Explainers

Rotating Residential Proxies: Best Practices for CAPTCHA Solving

Rotating residential proxies assign a new real-user IP for each request (or per session). For CAPTCHA-heavy workflows, the right rotation strategy can cut challenge rates by 50-80% — and CaptchaAI handles the rest.


Why Residential IPs Reduce CAPTCHAs

Proxy Type IP Source CAPTCHA Rate Why
Datacenter Cloud/hosting provider High (30-70%) Known IP ranges flagged
Residential Real home ISPs Low (5-15%) Looks like real user
Mobile Cellular carriers Very low (1-5%) Shared by thousands of users
ISP Static residential-grade Low (5-10%) Combines speed + trust

CAPTCHA systems (especially reCAPTCHA) check IP reputation databases. Residential IPs from real ISPs have clean histories because they belong to real subscribers.


Rotation Strategies

1. Per-Request Rotation (Default)

import requests

proxies = {
    "http": "http://user:pass@gateway.proxy.com:7777",
    "https": "http://user:pass@gateway.proxy.com:7777",
}

# Each request gets a new IP
for url in urls:
    resp = requests.get(url, proxies=proxies, timeout=30)
    # New IP after each request

Best for: Scraping many pages across different sites. CAPTCHA risk: Low per-request, but can't maintain session.
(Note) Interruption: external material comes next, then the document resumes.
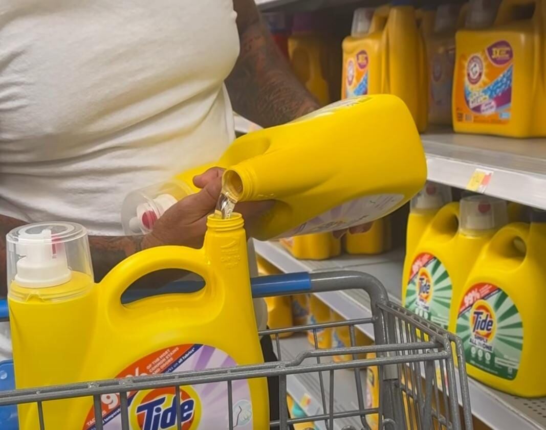 No vídeo, um homem aparece abrindo outra embalagem de sabão para completar o produto que ele estava comprando. O objetivo era levar o produto totalmente cheio.

2. Sticky Session Rotation

import random
import string

def get_sticky_session(duration_min=10):
    session_id = "".join(random.choices(string.ascii_lowercase, k=8))
    return {
        "http": f"http://user-session-{session_id}:pass@gateway.proxy.com:7777",
        "https": f"http://user-session-{session_id}:pass@gateway.proxy.com:7777",
    }

# Same IP for the whole CAPTCHA workflow
session_proxy = get_sticky_session(duration_min=10)

# Step 1: Load page
resp = requests.get("https://target.com/form", proxies=session_proxy)

# Step 2: Solve CAPTCHA (same IP)
token = solve_captcha("https://target.com/form", sitekey)

# Step 3: Submit (same IP — required for token validity)
resp = requests.post("https://target.com/submit", proxies=session_proxy, data={
    "g-recaptcha-response": token,
})

Best for: CAPTCHA-protected forms and multi-step workflows. CAPTCHA risk: Very low — consistent IP builds trust.

3. Per-Domain Rotation

domain_sessions = {}

def get_domain_proxy(domain):
    """Same IP per domain, different IP per domain."""
    if domain not in domain_sessions:
        session_id = "".join(random.choices(string.ascii_lowercase, k=8))
        domain_sessions[domain] = get_sticky_session()
    return domain_sessions[domain]

# site-a.com always uses the same IP
proxy_a = get_domain_proxy("site-a.com")
# site-b.com gets a different IP
proxy_b = get_domain_proxy("site-b.com")

Best Practices

1. Match Geo to Target

# Target site is US-based? Use US residential IP
us_proxy = "http://user-country-us:pass@gateway.proxy.com:7777"

# Target is Germany? Use DE residential IP
de_proxy = "http://user-country-de:pass@gateway.proxy.com:7777"

Geo-mismatched IPs trigger more CAPTCHAs (e.g., accessing a US site from a Nigerian IP).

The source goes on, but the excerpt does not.